Exercise: What you give back should be exactly the lines from the one with "4 Lifecycle Controller" through the end of the data, without the pictures.

Source data:
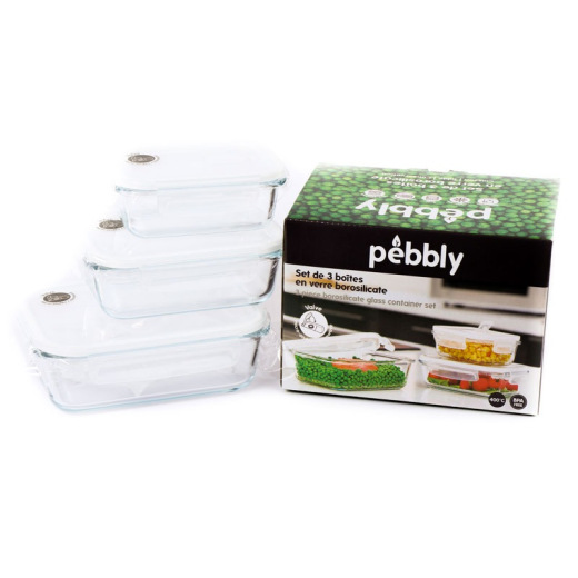 Set De 3 Boites En Verre Borosilicate Pebbly Cuisin Store
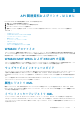 4 Lifecycle Controller API の統合 本項では、Lifecycle Controller API をアプリケーションに統合するために必要なリソースを説明します。 • • • • • API クライアント - WinRM または WSMAN への対応に使用できる API クライアントを紹介します。これらの API クライアント を使用すれば、さまざまなプログラミング言語でアプリケーションを作成できます。 ベストプラクティスガイド — 共通ワークフローについての情報を提供します。これには、すべての共通ワークフローのために すぐに使用できる Python スクリプトが提供されています。 サンプルスクリプトとツール — 追加の作業例および参照を提供します。 Lifecycle Controller-Remote Services を使用するアプリケーション — すでに Lifecycle Controller API と統合されている既存 アプリケーションをいくつかリストします。 WinRM および OpenWSMAN のインストールと設定 — WinRM および WSMAN を設定するため
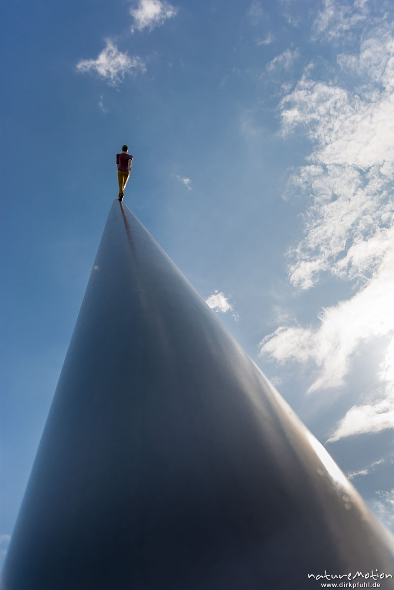 Skulptur "Man walking to the sky" von Jonathan Borofsky am Hauptbahnhof Kassel, blauer Himmel, Kassel, Deutschland

Response box:
 4 Lifecycle Controller API の統合 本項では、Lifecycle Controller API をアプリケーションに統合するために必要なリソースを説明します。 • • • • • API クライアント - WinRM または WSMAN への対応に使用できる API クライアントを紹介します。これらの API クライアント を使用すれば、さまざまなプログラミング言語でアプリケーションを作成できます。 ベストプラクティスガイド — 共通ワークフローについての情報を提供します。これには、すべての共通ワークフローのために すぐに使用できる Python スクリプトが提供されています。 サンプルスクリプトとツール — 追加の作業例および参照を提供します。 Lifecycle Controller-Remote Services を使用するアプリケーション — すでに Lifecycle Controller API と統合されている既存 アプリケーションをいくつかリストします。 WinRM および OpenWSMAN のインストールと設定 — WinRM および WSMAN を設定するため
 Skulptur "Man walking to the sky" von Jonathan Borofsky am Hauptbahnhof Kassel, blauer Himmel, Kassel, Deutschland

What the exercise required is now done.